MeshMixer First Impressions
So, I’m probably waay late to the party, but I recently discovered MeshMixer.
It’s a neat little software that has tons of features. It’s not a full modeling suite like Blender, but instead focuses on a few 3D printing related tasks.
I tested Meshmixer out by loading up Rakdos (a high polygon mesh), and it loads super fast!
One features it has is the ability to digitally sculpt, much like ZBrush or Sculptris.
Another is mesh repair.
I tried repairing Rakdos, but the result didn’t fix the inverted vertices. I suspect it works fine for simpler meshes, since Rakdos is a known problematic mesh.
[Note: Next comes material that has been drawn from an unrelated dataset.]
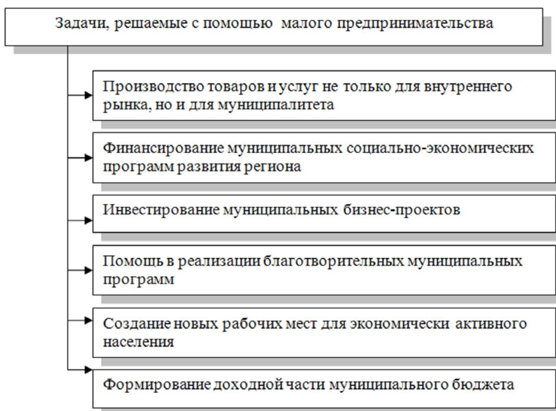
Рис. 2 - Задачи, решаемые с помощью малого предпринимательства на уровне муниципалитета [3, с.178]

С помощью малых предприятий органы местного самоуправления решают ряд задач (рис. 2).

Meshmixer also supplies an array of neat analytics.
It can also generate supports.
Based on the settings, I suspect it uses an angle based approach to generate the supports (like, give a support if face is less than 25 degrees off of the X plane.
This may also have been MakerBot’s algorithm in the early days. However, there are more sophisticated support generation algorithms out there, so I’m not overly impressed (FormLabs does a physics simulation in their generation!)
However, I am impressed by its mesh mixing ability. You can very easily combine two meshes together and it joins very smoothly.
It also supposedly has way better boolean combines than Blender.
Overall, I like Meshmixer. It does some things ok, and other things really well. I really wish it was open source though… then again, if it was, it might’ve not been bought by Autodesk.